Dataset section:
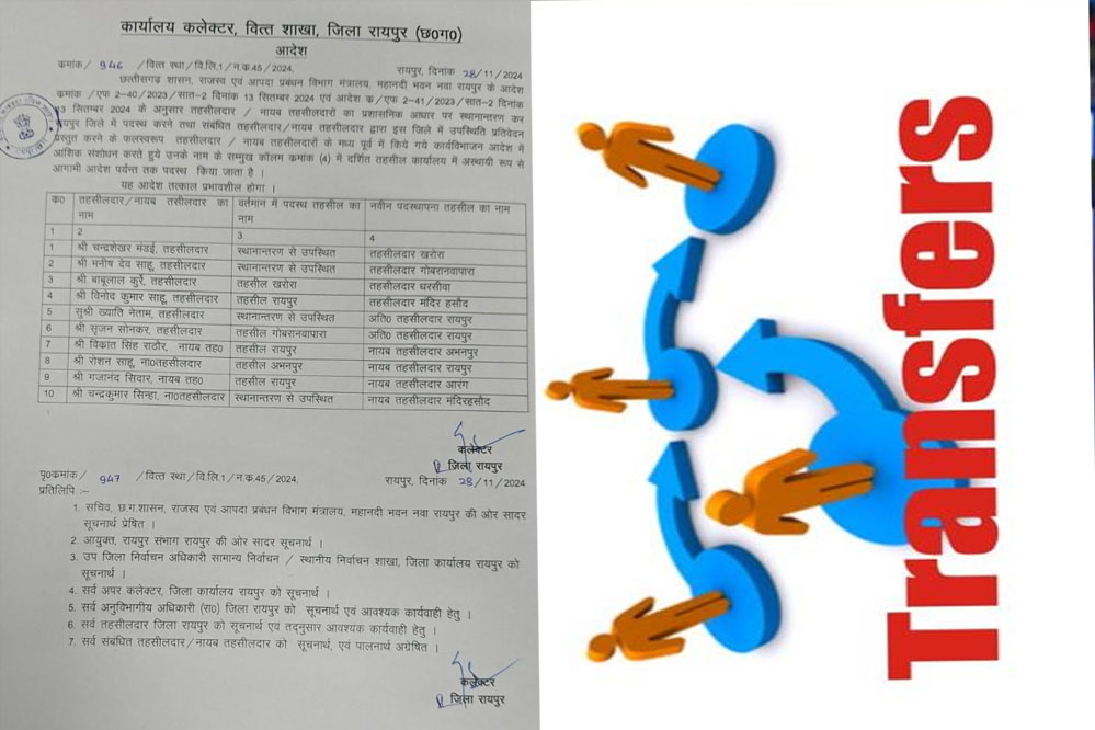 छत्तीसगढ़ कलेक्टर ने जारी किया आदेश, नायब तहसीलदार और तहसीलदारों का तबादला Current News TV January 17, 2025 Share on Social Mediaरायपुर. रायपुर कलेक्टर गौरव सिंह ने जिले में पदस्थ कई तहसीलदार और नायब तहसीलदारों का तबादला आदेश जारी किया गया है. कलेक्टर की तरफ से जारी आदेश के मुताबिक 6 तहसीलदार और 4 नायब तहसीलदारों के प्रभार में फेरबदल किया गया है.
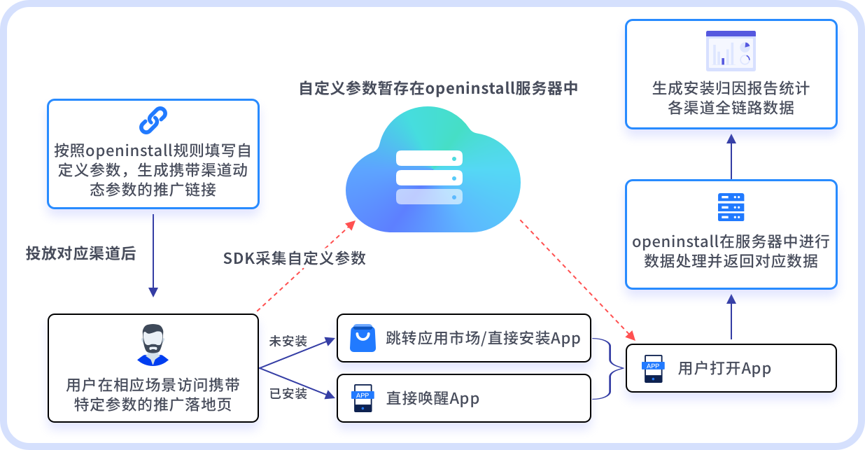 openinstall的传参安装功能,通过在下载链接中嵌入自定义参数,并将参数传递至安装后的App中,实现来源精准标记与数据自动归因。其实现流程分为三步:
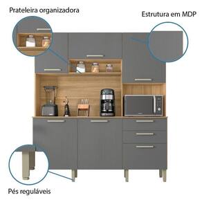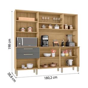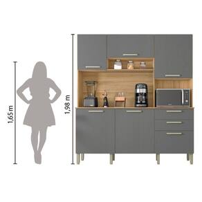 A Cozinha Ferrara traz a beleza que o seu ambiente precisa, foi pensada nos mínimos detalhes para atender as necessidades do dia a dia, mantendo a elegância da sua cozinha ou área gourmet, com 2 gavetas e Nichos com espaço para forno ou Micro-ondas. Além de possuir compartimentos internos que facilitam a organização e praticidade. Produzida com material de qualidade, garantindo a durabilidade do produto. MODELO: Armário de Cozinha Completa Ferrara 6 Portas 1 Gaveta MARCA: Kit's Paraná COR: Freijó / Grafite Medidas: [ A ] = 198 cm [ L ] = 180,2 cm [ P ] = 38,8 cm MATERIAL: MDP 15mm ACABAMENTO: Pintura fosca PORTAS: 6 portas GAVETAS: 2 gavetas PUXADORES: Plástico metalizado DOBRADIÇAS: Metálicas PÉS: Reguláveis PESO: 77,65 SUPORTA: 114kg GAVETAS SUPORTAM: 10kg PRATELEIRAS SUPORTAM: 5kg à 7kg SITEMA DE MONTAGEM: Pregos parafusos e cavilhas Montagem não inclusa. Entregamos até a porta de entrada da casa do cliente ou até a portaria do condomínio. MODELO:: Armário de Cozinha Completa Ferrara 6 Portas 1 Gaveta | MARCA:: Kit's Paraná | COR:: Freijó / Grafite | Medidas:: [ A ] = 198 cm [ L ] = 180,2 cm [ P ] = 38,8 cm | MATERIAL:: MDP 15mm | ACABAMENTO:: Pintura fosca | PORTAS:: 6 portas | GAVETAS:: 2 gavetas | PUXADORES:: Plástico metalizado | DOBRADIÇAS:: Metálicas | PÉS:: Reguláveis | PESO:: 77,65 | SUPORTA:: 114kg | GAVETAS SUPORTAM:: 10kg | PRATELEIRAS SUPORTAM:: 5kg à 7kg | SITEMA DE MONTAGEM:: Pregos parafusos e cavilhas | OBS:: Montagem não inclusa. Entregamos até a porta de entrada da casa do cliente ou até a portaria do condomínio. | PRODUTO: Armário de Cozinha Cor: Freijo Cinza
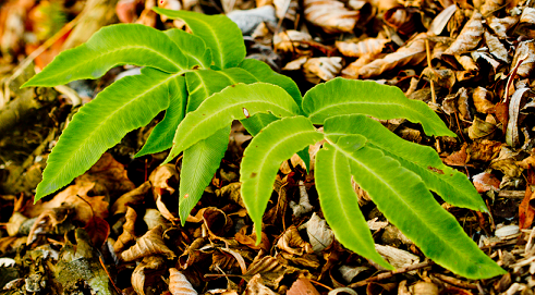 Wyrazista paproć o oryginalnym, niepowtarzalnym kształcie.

Problem statement:
The first line of the listing through the line with "openinstall的传参": repeat exactly that span and nothing more, skipping pictures.

Solution:
 छत्तीसगढ़ कलेक्टर ने जारी किया आदेश, नायब तहसीलदार और तहसीलदारों का तबादला Current News TV January 17, 2025 Share on Social Mediaरायपुर. रायपुर कलेक्टर गौरव सिंह ने जिले में पदस्थ कई तहसीलदार और नायब तहसीलदारों का तबादला आदेश जारी किया गया है. कलेक्टर की तरफ से जारी आदेश के मुताबिक 6 तहसीलदार और 4 नायब तहसीलदारों के प्रभार में फेरबदल किया गया है.
 openinstall的传参安装功能,通过在下载链接中嵌入自定义参数,并将参数传递至安装后的App中,实现来源精准标记与数据自动归因。其实现流程分为三步:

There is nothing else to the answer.